**ACTIVITY:**
The copy you return should hold every record below word for word and no images.

-=-=-=-=-

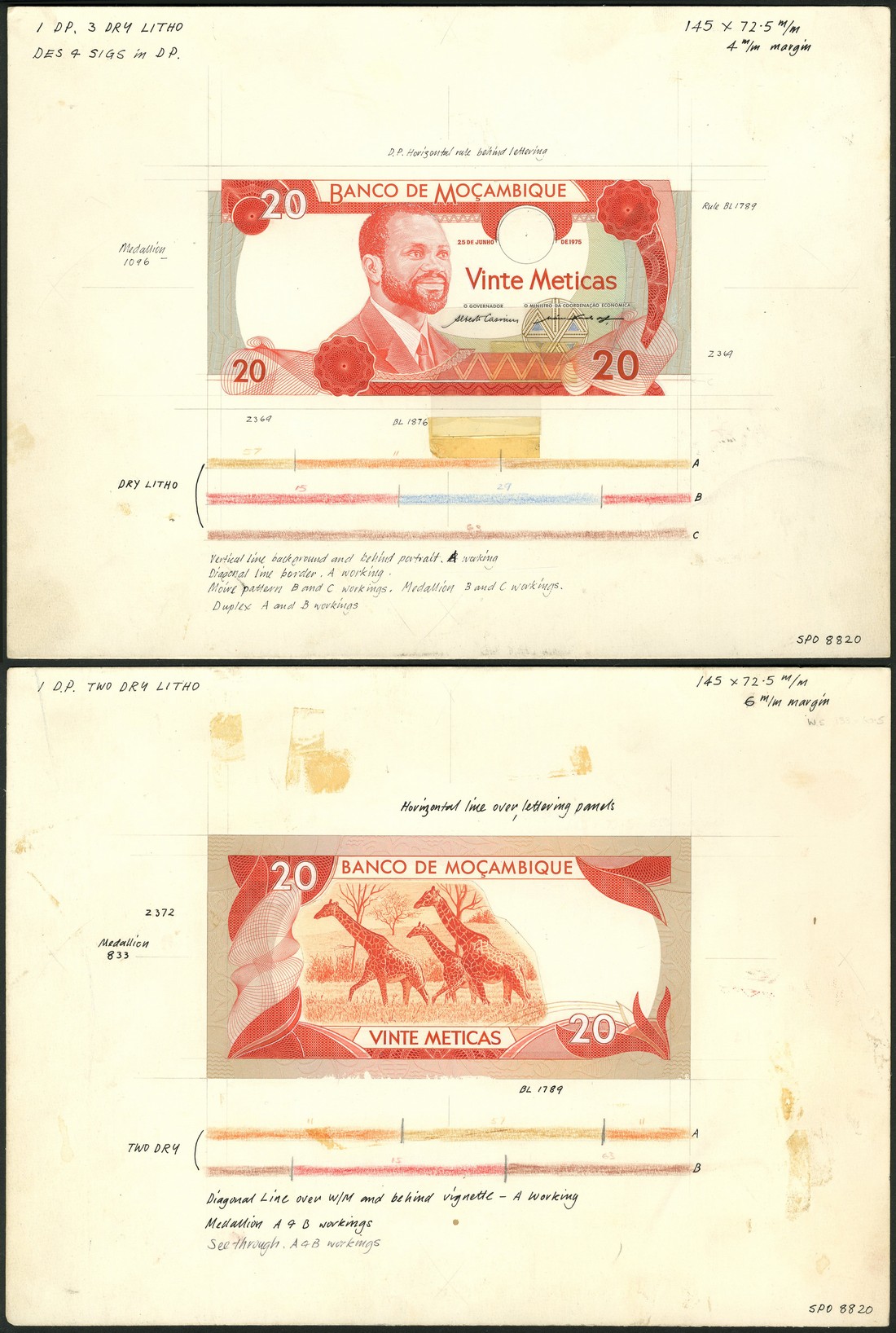 (†) Banco de Mocambique, an obverse and reverse composite essay on large format card, 266 x 197mm, for a 20 Meticas, 25 June 1975, two signature overlays, scarlet and multicoloured, President Samora Moises Machel at centre left, value in three corners, geometric patterns at lower left and lower right, reverse giraffes, geometric patterns with leaves at left and right, annotations and hand drawn colour bars on both cards
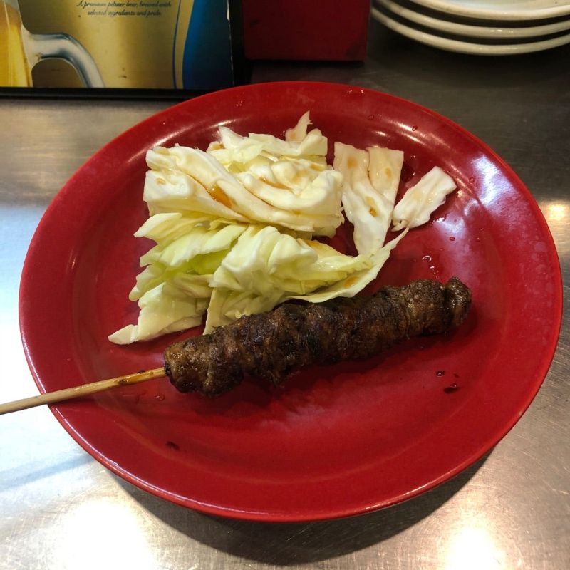 博多名物の鶏皮の串焼き。
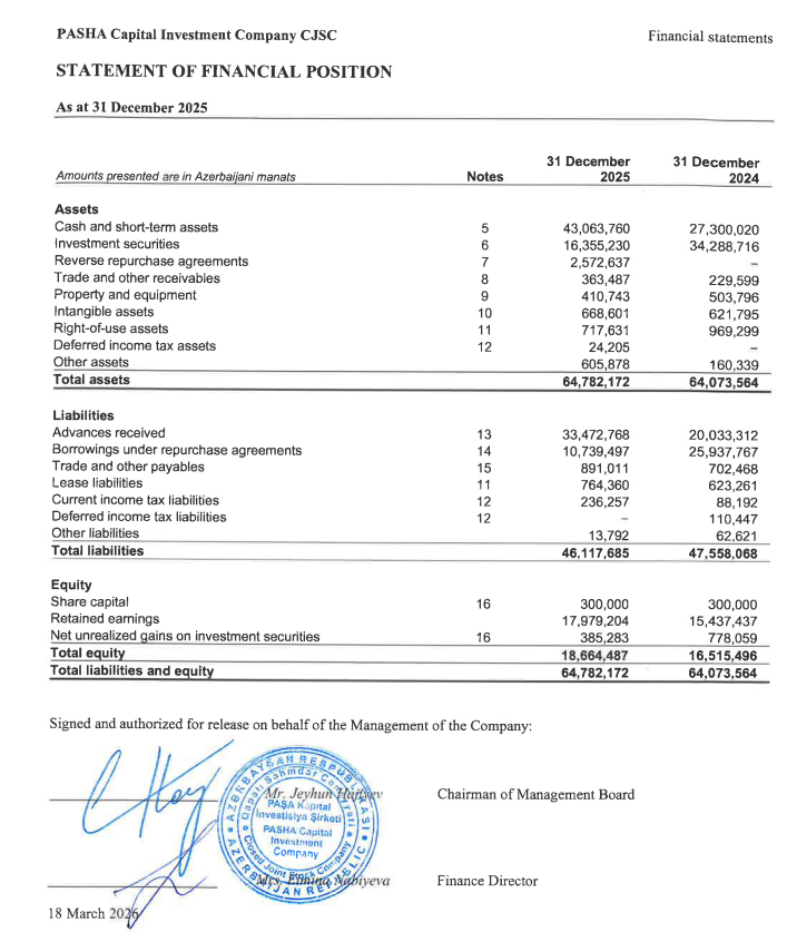 31 dekabr 2025-ci il tarixində "PAŞA Kapital İnvestisiya Şirkəti" QSC 64 milyon 782 min manat cəmi aktivlərə malik olub. Şirkət 2024-cü ilin sonunda 64 milyon 74 min manat cəmi aktivlərə malik idi.
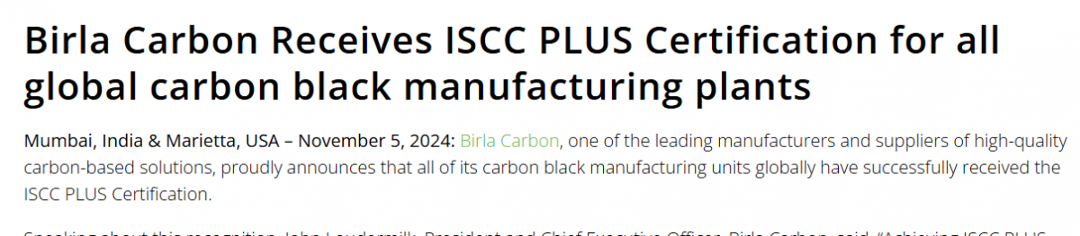 【炭黑產(chǎn)業(yè)網(wǎng)】11月7日消息,博拉炭黑自豪地宣布,其全球所有炭黑生產(chǎn)工廠均已成功獲得ISCC PLUS認(rèn)證。
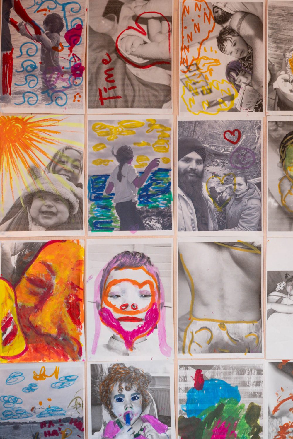 This is a collaboration between myself (having become a mum) and the mums who attend drop in session with their pre-schoolers at Cocoon Early Years sessions. It’s a project about what it’s really like to be a parent. What do you love? What do you hate? What do you gain? What do you lose? And are you still you? We explored these questions together through creative activities.
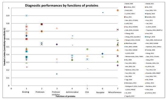 The 83 identified protein biomarker candidates identified from the cell line secretome and tumor tissue proteome represent different classes of proteins. Apart from CEA (identified in 24 studies), only few proteins have been identified in more than one study (CEA in 24 studies, CA 19-9 in four studies, S100A9 and LRG1 in three studies each and ACVR2B, AZGP1, GDF15, MAPKAPK3, PIM1 in two studies each). Supplementary Materials Table S3 provides information on the molecular and biological function and location with cellular component of the proteins as identified from the UniProt database [19]. Thirty-nine proteins function as binding (DNA-, RNA-, metal-ion- or ATP-) proteins, while eight are protease inhibitors, followed by seven each that function as antimicrobial. Overall, a large variety of biological functions were represented. For example, eleven proteins were found to be involved in apoptosis and in cell adhesion each, eight in inflammatory response and other six proteins in transcription. As shown in Figure 3 when diagnostic performances of proteins were represented by molecular function of these markers the best performances were seen for some of the binding (DNA-, RNA-, metal-ion- or ATP-) proteins and proteases, followed by protease inhibitors and antimicrobials.
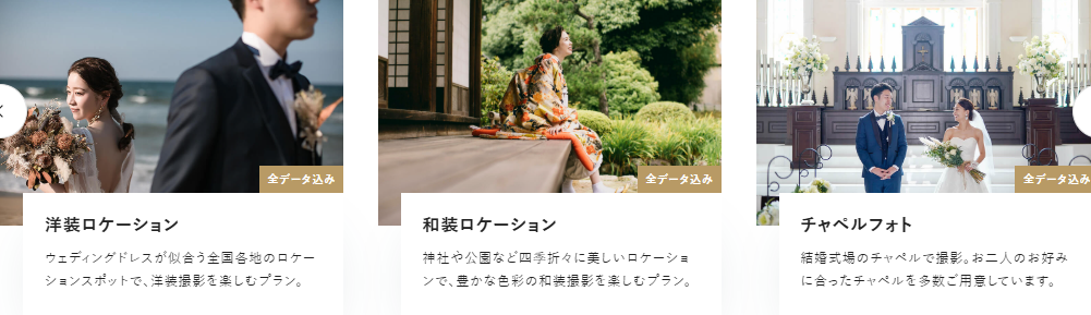 | データ込みプラン | 和装スタジオ・洋装スタジオ・和装ロケーション・洋装ロケーション |

-=-=-=-=-

**ANSWER BOX:**
 (†) Banco de Mocambique, an obverse and reverse composite essay on large format card, 266 x 197mm, for a 20 Meticas, 25 June 1975, two signature overlays, scarlet and multicoloured, President Samora Moises Machel at centre left, value in three corners, geometric patterns at lower left and lower right, reverse giraffes, geometric patterns with leaves at left and right, annotations and hand drawn colour bars on both cards
 博多名物の鶏皮の串焼き。
 31 dekabr 2025-ci il tarixində "PAŞA Kapital İnvestisiya Şirkəti" QSC 64 milyon 782 min manat cəmi aktivlərə malik olub. Şirkət 2024-cü ilin sonunda 64 milyon 74 min manat cəmi aktivlərə malik idi.
 【炭黑產(chǎn)業(yè)網(wǎng)】11月7日消息,博拉炭黑自豪地宣布,其全球所有炭黑生產(chǎn)工廠均已成功獲得ISCC PLUS認(rèn)證。
 This is a collaboration between myself (having become a mum) and the mums who attend drop in session with their pre-schoolers at Cocoon Early Years sessions. It’s a project about what it’s really like to be a parent. What do you love? What do you hate? What do you gain? What do you lose? And are you still you? We explored these questions together through creative activities.
 The 83 identified protein biomarker candidates identified from the cell line secretome and tumor tissue proteome represent different classes of proteins. Apart from CEA (identified in 24 studies), only few proteins have been identified in more than one study (CEA in 24 studies, CA 19-9 in four studies, S100A9 and LRG1 in three studies each and ACVR2B, AZGP1, GDF15, MAPKAPK3, PIM1 in two studies each). Supplementary Materials Table S3 provides information on the molecular and biological function and location with cellular component of the proteins as identified from the UniProt database [19]. Thirty-nine proteins function as binding (DNA-, RNA-, metal-ion- or ATP-) proteins, while eight are protease inhibitors, followed by seven each that function as antimicrobial. Overall, a large variety of biological functions were represented. For example, eleven proteins were found to be involved in apoptosis and in cell adhesion each, eight in inflammatory response and other six proteins in transcription. As shown in Figure 3 when diagnostic performances of proteins were represented by molecular function of these markers the best performances were seen for some of the binding (DNA-, RNA-, metal-ion- or ATP-) proteins and proteases, followed by protease inhibitors and antimicrobials.
 | データ込みプラン | 和装スタジオ・洋装スタジオ・和装ロケーション・洋装ロケーション |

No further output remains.